Der hohe Wert der Versammlung für Gott
Die Versammlung ist für Gott sehr wertvoll. Schon in der Ewigkeit hat Er mit Freude an sie gedacht. Nun wird sie in der Zeit der Gnade gebildet, damit sie ewig zu seiner Ehre sei. Drei Punkte machen uns deutlich, wie viel die Versammlung für Gott bedeutet:
- Gott hat sich die Versammlung durch das Blut seines eigenen Sohnes erworben (Apg 20,28). Dieser göttliche Preis, den Er für die Versammlung bezahlt hat, zeigt uns ihren hohen Wert für Gott.
- Christus, der Sohn des lebendigen Gottes, ist der Fels, auf den die Versammlung gegründet ist (Mt 16,16.18; 1. Kor 3,11). Diese göttliche Grundlage gibt der Versammlung eine einzigartige Bestimmung.
- Der Heilige Geist wohnt in der Versammlung (1. Kor 3,16; Eph 2,22)! Dieser göttliche Bewohner gibt der Versammlung einen heiligen Charakter.
Je mehr wir den hohen und heiligen Wert erkennen, den die Versammlung für Gott hat, desto wertvoller wird sie auch für uns.
Von der Position zur Praxis
Die Versammlung besitzt eine vollkommene Stellung, die sie von Gott geschenkt bekommen hat: Sie ist das Haus Gottes, die Braut von Christus und der Leib von Christus.
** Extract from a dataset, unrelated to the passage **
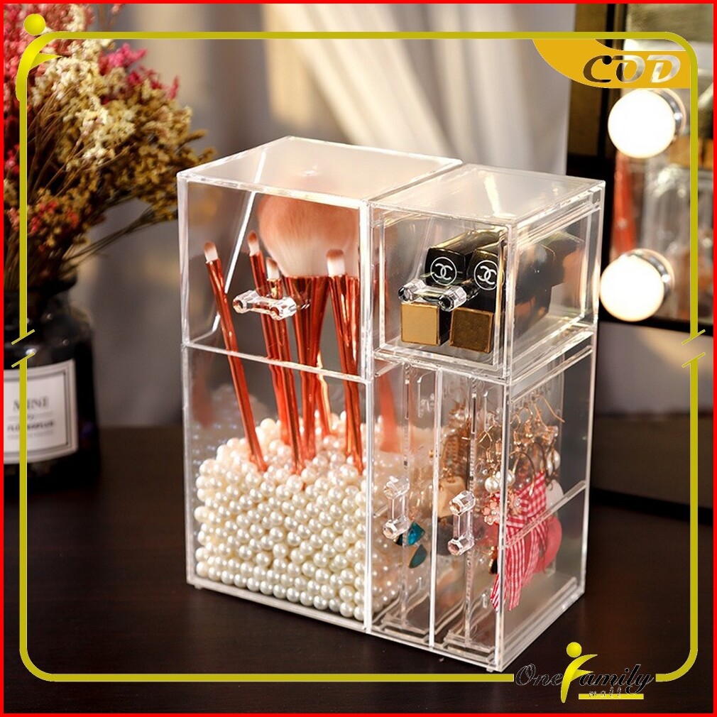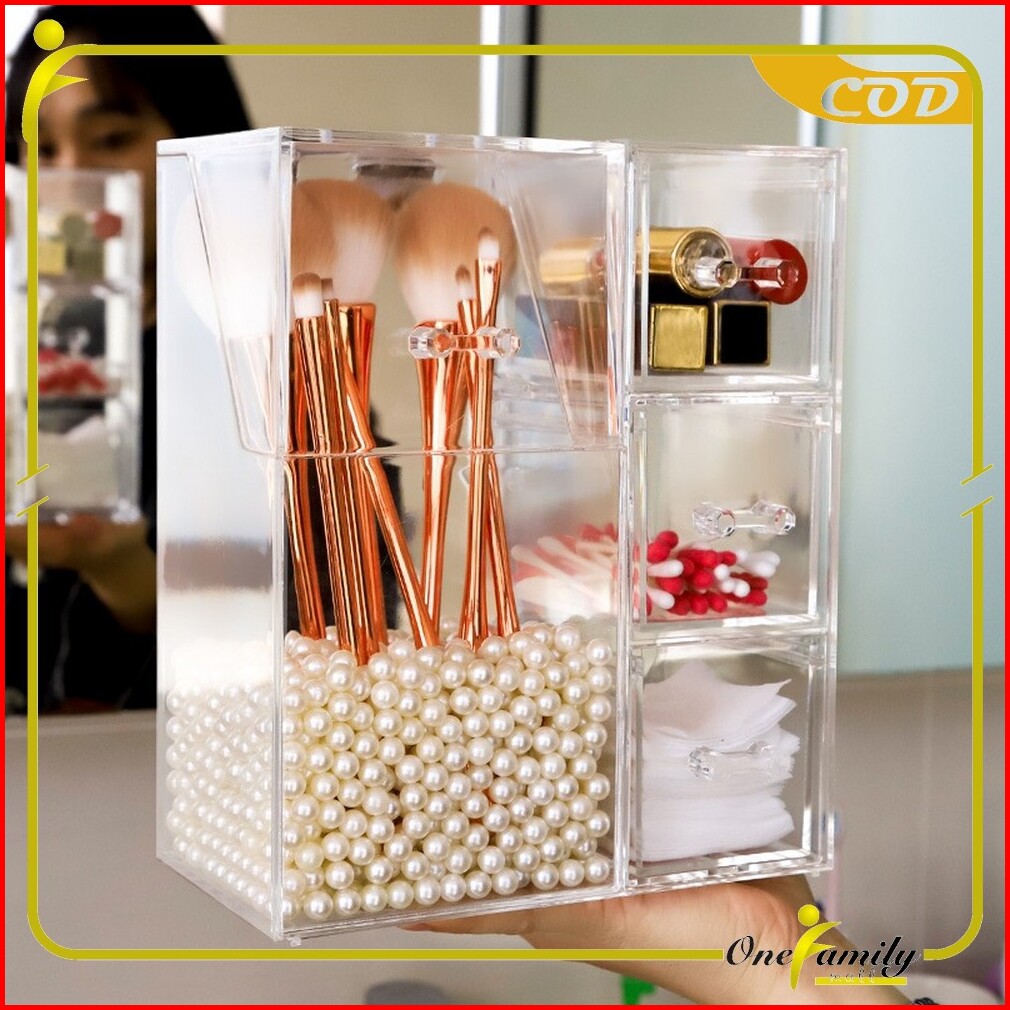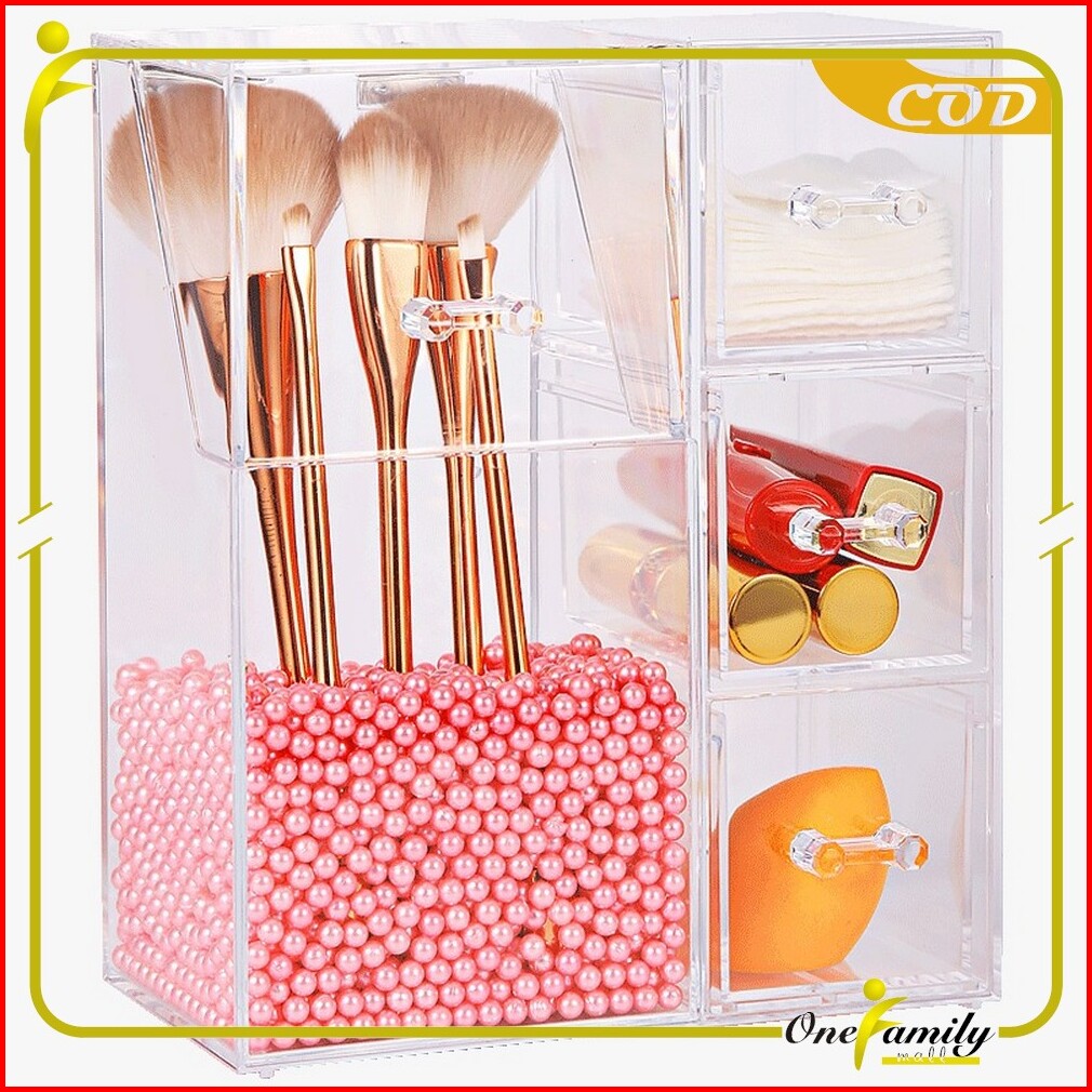 One-k18 Rak Organizer Multifungsi Kotak Penyimpanan Brush Make Up Mutiara Rak Anting Acrylic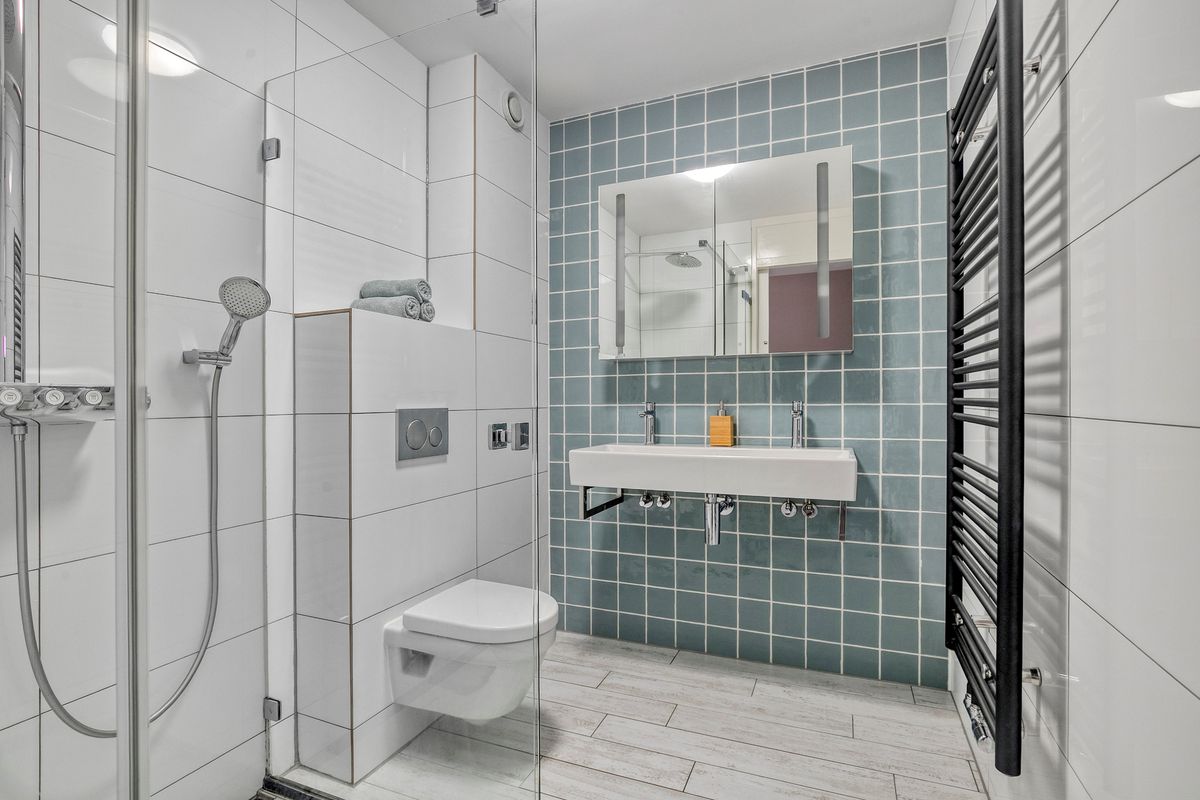 Op de eerste verdieping bevinden zich drie slaapkamers, waaronder een master bedroom met Frans balkon en ingebouwde kast. De moderne badkamer (2018) beschikt over een inloopdouche met regendouche, een dubbele wastafel, een hangend toilet en een designradiator. Op de overloop is een praktische kast met aansluiting voor wasmachine en droger, waardoor alle dagelijkse voorzieningen binnen handbereik zijn.

Daran dürfen wir uns uneingeschränkt freuen. Gleichzeitig haben wir die Aufgabe, die Versammlung Gottes praktisch zu verwirklichen, indem wir uns zum Namen des Herrn Jesus hin versammeln. Dabei ist uns bewusst, dass dies sehr unvollkommen geschieht.
Um die biblischen Gedanken über die Versammlung Gottes zu erfassen, müssen wir die vollkommene Stellung von der mangelhaften Verwirklichung unterscheiden. Wenn wir beides miteinander vermischen, werden wir die göttlichen Belehrungen nicht verstehen. Dennoch trennen wir Position und Praxis nicht voneinander. Die Stellung der Versammlung ist der Massstab für ihre Verwirklichung.
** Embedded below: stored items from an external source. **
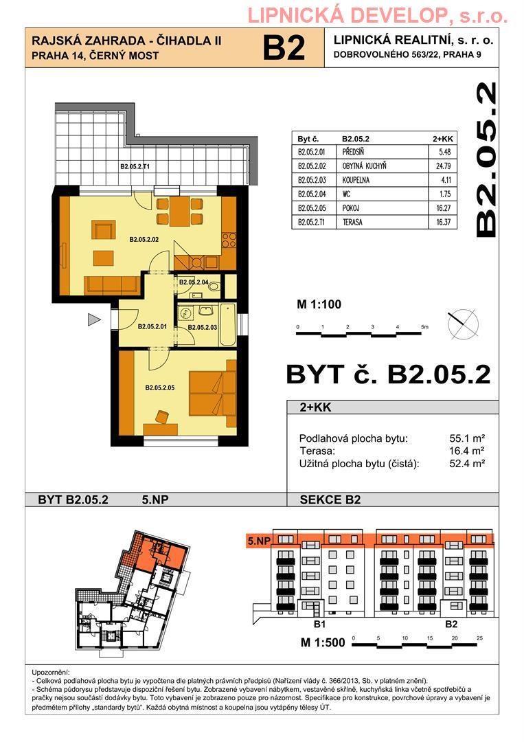 Prodej nového bytu s označení B2.05.2 o dispozici 2+kk v developerském projektu AREÁL RAJSKÁ ZAHRADA - ČIHADLA II, BYTOVÉ DOMY "B", "D", PRAHA 9. Byt se nachází v bytovém domě B. Podlahová plocha bytu je 55,1 m2 (užitná plocha bytu je 52,4 m2) + sklepní kóje o výměře 1,5 m2 + terasa o výměře 16,4 m2. Byt se nachází v 5. nadzemním podlaží domu. Byt se skládá z obývacího pokoje, ložnice, chodby, koupelny a WC.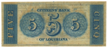 18XX Citizens Bank of Louisiana New Orleans LA $5 Obsolete – Remainder (65479)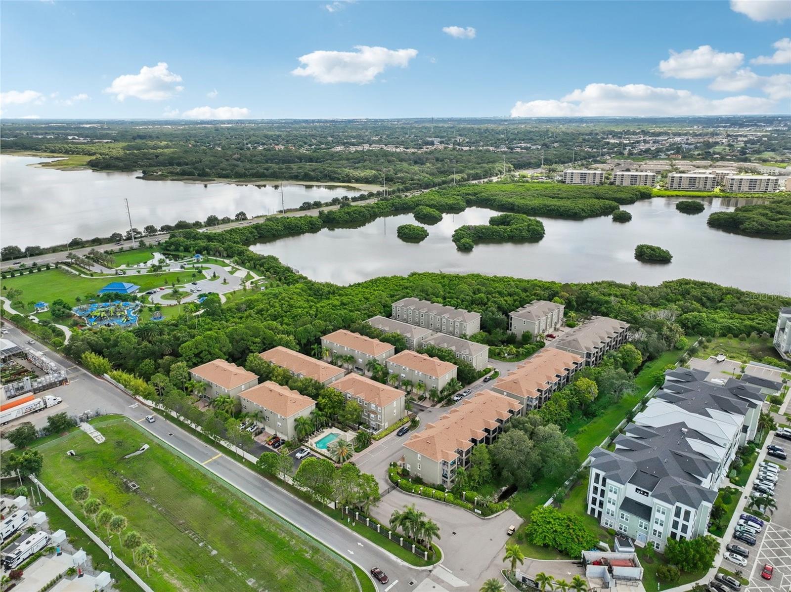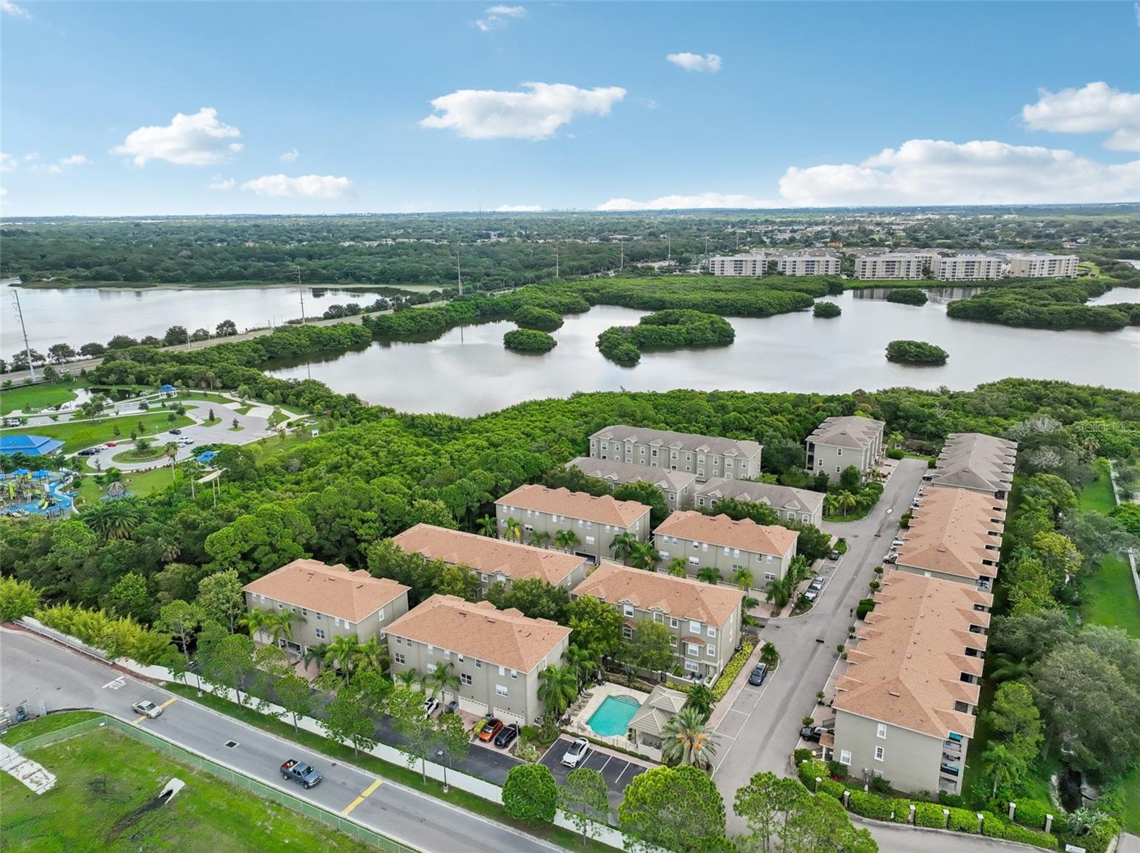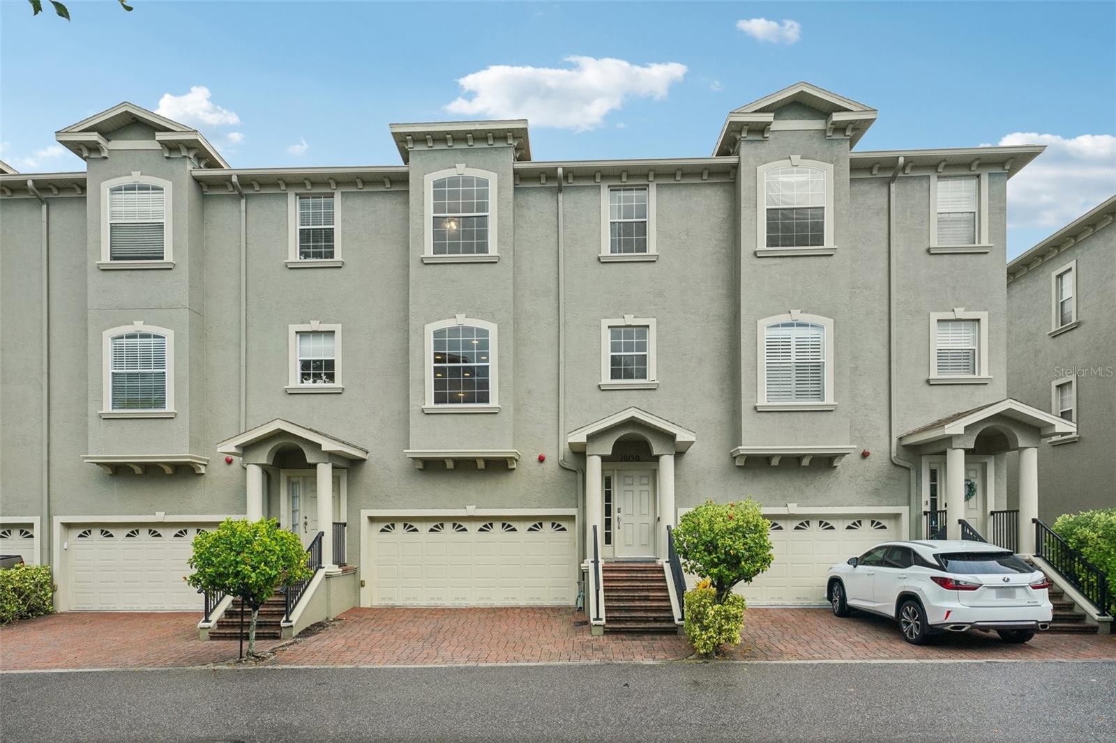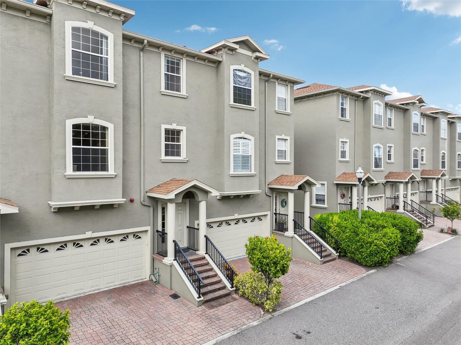 One or more photo(s) has been virtually staged. Welcome to this exquisite 3-bedroom, 2 full and 2 half-bathroom townhome with a 2-car garage, boasting 2,400 sq. ft., 2 balconies, and a covered patio in the desirable gated community of Bayou Grande! From the moment you enter, you'll be impressed and feel right at home. The foyer greets you with a stunning two-story ceiling. On the first level, you'll find a bonus room with crown molding, a walk-in storage closet, access to the garage, and a convenient half-bath. Step outside through the sliding glass door to the covered back patio to relax and enjoy the fresh air. The second level serves as the main living space and features crown molding throughout, a spacious chef's kitchen with solid wood cabinets, quartz countertops, an island with a breakfast bar, stainless steel appliances, brand new range with air fry feature, a walk-in pantry, and a dining area. The hot water heater is brand new, washer new in 2023, garage opener with new springs in 2022 and complete HVAC system new in 2020. There's also another half-bath and a screened balcony for your morning coffee or evening relaxation. The third level offers a split bedroom layout. The large primary suite at the back of the home includes crown molding, a walk-in closet, an ensuite bathroom with dual sinks, a soaking tub, and a walk-in shower. It also features a private screened-in balcony for a quiet retreat. The hallway to the front bedrooms includes a laundry closet with a full-size washer and dryer, as well as a guest bathroom with a tub/shower combo. Both guest bedrooms are generously sized. Enjoy low-maintenance living at its best! Bayou Grande townhome is family as well as dogs friendly community. The whole complex was painted less than 3 years ago and phase I buildings had new roof about 2 years ago. The HOA covers all exterior landscaping, building maintenance, and repairs, including the roof. You'll love the close proximity to the pool and central mailboxes. This fantastic central location is minutes from beautiful sugar-sand beaches, incredible waterfront parks, Seminole City Center, shopping, dining, and all the amenities at the Seminole Recreation Center, where membership is free for Seminole residents! Low HOA fees and no CDD! Explore the 3D tour and schedule your showing today!

Ich möchte das noch etwas verdeutlichen: Mit 20 Jahren begann ich mich mit dem Thema «die Versammlung Gottes und ihre örtliche Darstellung» zu beschäftigen. Ich fragte mich, was in dieser wichtigen Sache der Wille Gottes für uns Christen sei. Dabei hatte ich die Idee, der Reihe nach die verschiedenen christlichen Kreise und Gruppen zu besuchen, um zu sehen, wie sie Versammlung Gottes verwirklichten. Ich hoffte so, die Gruppe zu finden, die am genauesten mit Gottes Wort übereinstimmte. Doch der Herr verhinderte in seiner Weisheit meine Absicht. Er zeigte mir, dass nicht die Praxis, sondern die Position der Versammlung der Ausgangspunkt ist, um den gemeinsamen Weg der Glaubenden nach Gottes Gedanken zu finden.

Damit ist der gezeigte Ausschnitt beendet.